Ван Норден лежал, все еще завернутый в теплое одеяло, но уже, как всегда, усталый. Он просыпается с проклятиями и проклинает все — себя, свою работу, свою жизнь; он открывает глаза с тоской и скукой, и мысль, что он не умер этой ночью, гнетет его.
Я сажусь у окна и стараюсь подбодрить его как могу. Это довольно утомительное занятие. Нужно выманить его из кровати. По утрам (а его утро — от часа до пяти часов вечера) ван Норден погружен в задумчивость. Обычно он думает о прошлом — о своих бабах. Он старается вспомнить, хорошо ли им было, что они говорили в известные критические моменты, где это происходило и т. д. Он лежит, то ухмыляясь, то бормоча проклятья, и забавно шевелит пальцами, как бы стараясь показать этим, что его отвращение к жизни невозможно выразить словами — настолько оно велико. Над постелью на стене висит сумка со спринцовкой, которую он держит для экстренных случаев — для невинных девушек, которых выслеживает, как собака-ищейка. Но даже когда он уже переспал с этими мифическими созданиями, он продолжает называть их девушками и почти никогда не зовет по имени. «Моя целка», — говорит он; точно так же он говорит и «эта шлюха из Джорджии». Направляясь в уборную, он дает мне указания: «Если позвонит эта шлюха из Джорджии, скажи ей, пусть подождет. Скажи, что я так сказал. Слушай, бери ее себе, если хочешь. Она мне уже надоела».

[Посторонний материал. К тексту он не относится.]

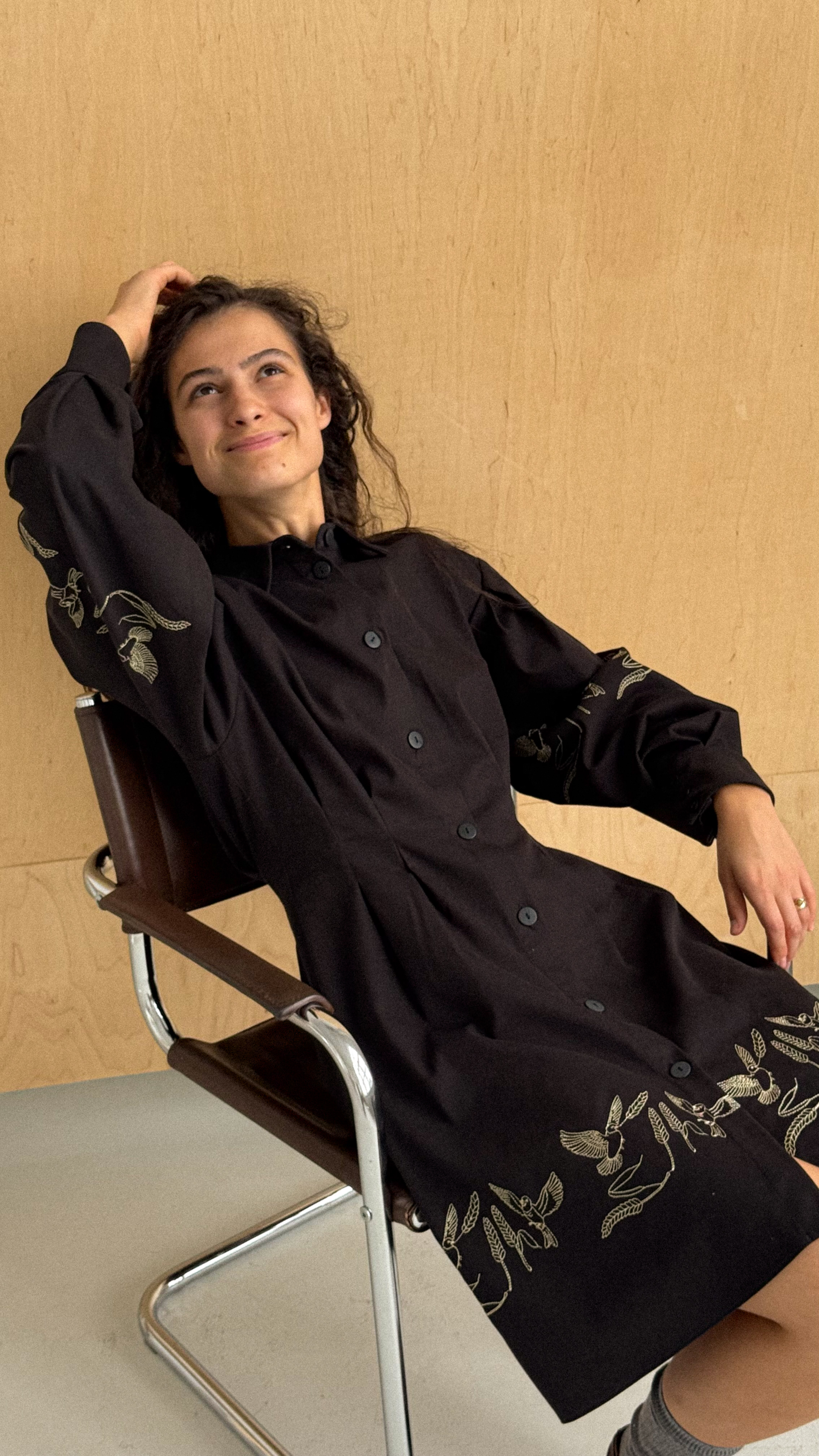 Особенное платье Родина из новой коллекции, которое способно окунуть Вас в детство. Это платье из лимитированной коллекции, выполнено из нежного хлопкового джинса, что подарит комфорт и красоту на целый день, Изящное, приталенное платье с рукавами, вышитыми "родным мотивом"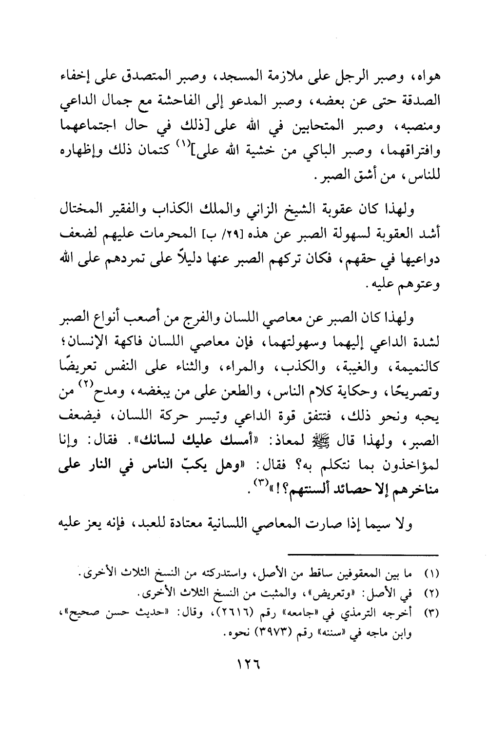 الصبر، ولهذا قال مج! ي! لمعاذ: "أمسك عليك لسانك ". فقال: وإنا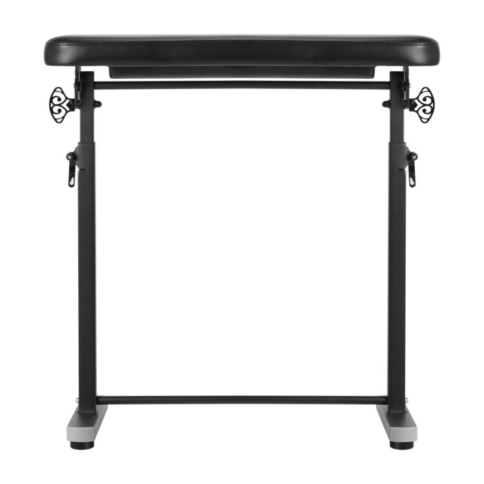 Podłokietnik posiada możliwość regulacji wysokości w granicach 68-111 cm, co pozwala dostosować go do różnych klientów i gwarantuje optymalne podparcie podczas sesji tatuażu. Dzięki funkcji regulacji nachylenia, można dostosować ustawienie podłokietnika do indywidualnych potrzeb klienta, co zapewnia jeszcze większy komfort podczas wykonywania tatuażu.

Он смотрит в окно и глубоко вздыхает. Если идет дождь, он говорит: «Черт бы побрал этот е…ный климат! От него у меня меланхолия». Если на дворе яркое солнце: «Черт бы побрал это е…ное солнце! Я от него только слепну». Начав бриться, он внезапно вспоминает, что нет чистого полотенца. «Черт бы побрал эту е…ную гостиницу!.. Разве могут эти скупердяи каждый день менять полотенца!» Что бы он ни делал, куда бы ни пошел, все будет не по нем. К тому же эта «е…ная страна», эта «е…ная работа» и эта «е…ная шлюха» вконец подорвали его здоровье.